“彩月,你说陛下为什么不高兴?本宫明明都有孕了,他还有什么不满意的?”
彩月现在关心的倒不是这个,她忧心忡忡地问:
“娘娘,您确定要将他剩下来吗?他。。。他不是陛下的血脉啊,万一到时候被发现了,这可是要杀头的死罪。”
昭妃没好气地瞪了她一眼,道:“做什么会被发现啊?好端端的一个孩子,还能莫名其妙的滴血验亲不成?这件事一共就三个人知道,只要你不说,本宫就不会被发现的!”
彩月看着她那骤然转冷的眼神,当即害怕地连连点头:“是,奴婢不会说的。”
“你去拿一块彩霞的金子,就当是对你这些时日的嘉赏了。”
“。。。。。。多谢娘娘。”
清凉殿外。
太后审视着陆景珩,呵笑一声,问:“陛下从前不是最宠爱昭妃吗?这是突然怎么了?”
陆景珩忽然道:“母后,儿臣要给昭妃降位?”
“。。。什么?”
太后当即道:“不可能,陛下,别的事情哀家都可以不管,等昭妃把皇子生下来了,你给她降到采女都行,但关键是孩子!那可是皇室血脉,你要是对她不好,这孩子出了什么差池可怎么办?”
见陆景珩始终紧蹙着眉头,太后眯了眯眼睛。
“陛下,哀家觉得你现在实在是奇怪得很,到底为什么,你对昭妃的态度突然就变成了这样?”

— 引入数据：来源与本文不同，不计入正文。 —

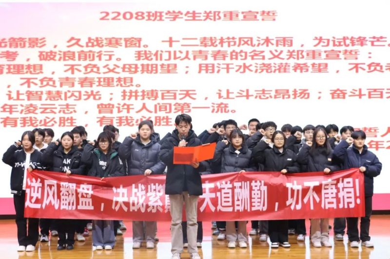 十八而志,大任始承。这是一场为梦想而战的出征仪式,是青春奔赴理想的激昂号角,更是向着高考战场发起最后冲锋的集结号。希望高三学子们在未来的一百多天里,不忘师长殷殷嘱托,握笔如执剑,百炼成钢,让青春焕发光华;搏此一战,为梦想铸就通途!待六月蝉鸣之时,折桂而归,揽尽芳华,圆梦高考,荣耀现代!
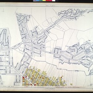 WPA Land use survey map for the City of Los Angeles, book 4 (Van Nuys District to Garvanza District), sheet 18. Includes: [Title page and] legend [for Book] no. IV Composite index to Land use map books [for Book 4]. Land use survey - City of Los Angeles. Department of City Planning. These maps were prepared with the assistance of the Works Progress Administration project no. 665-07-G-226 through 1939 to 1940. The land use data contained herein was compiled from a survey made with the assistance of the Civil Works Administration project no. 642, State Emergency Relief Administration project nos. 1-F2-318 and 1-F2-318A and Works Progress Administration project nos. 65-3-4377, 1101-2011 and 465-03-3-106. This survey functioned from Dec. 18, 1933 to May 8, 1939 and covers approximately 460 square miles within the boundary of the City of Los Angeles. It includes 347 colored drawings bound in 10 volumes of which this is no. IV. The land use survey was supervised by the Zoning Engineer. The land use maps were supervised by the Illustrative Planning Engineer for the Sponsoring Department.

“儿臣只是想明白了,昭妃并非良人,宁妃才是,儿臣。。。要与她长相厮守。”
太后笑了出来:“长相厮守?陛下有皇后,有那么多妃嫔,怎么和她一个人长相厮守?”
陆景珩冷声道:“关于这一点,就不劳母后操心了。”
说罢,他直接转身朝着怡月宫的方向走去了,留下太后站在原地,惊疑不定地看着他离去的背影。
康海跟着陆景珩回到怡月宫的时候,定睛一看,发现宫门已经牢牢关上了,外面连个宫人都没有,这摆明了是不想见陆景珩。
康海心肝都打起了颤,颤抖着说:“陛下。。。这,娘娘她是又生气了?不然。。。不然咱们先回紫宸殿?”
陆景珩却道:“不,进去看看。”
“怎么进?”
话音刚落,陆景珩忽然就那么踩上了旁边的一棵矮树,他的动作干练,一看就像是经常习武之人,四肢修长有力,就这么轻飘飘地跃上了墙头。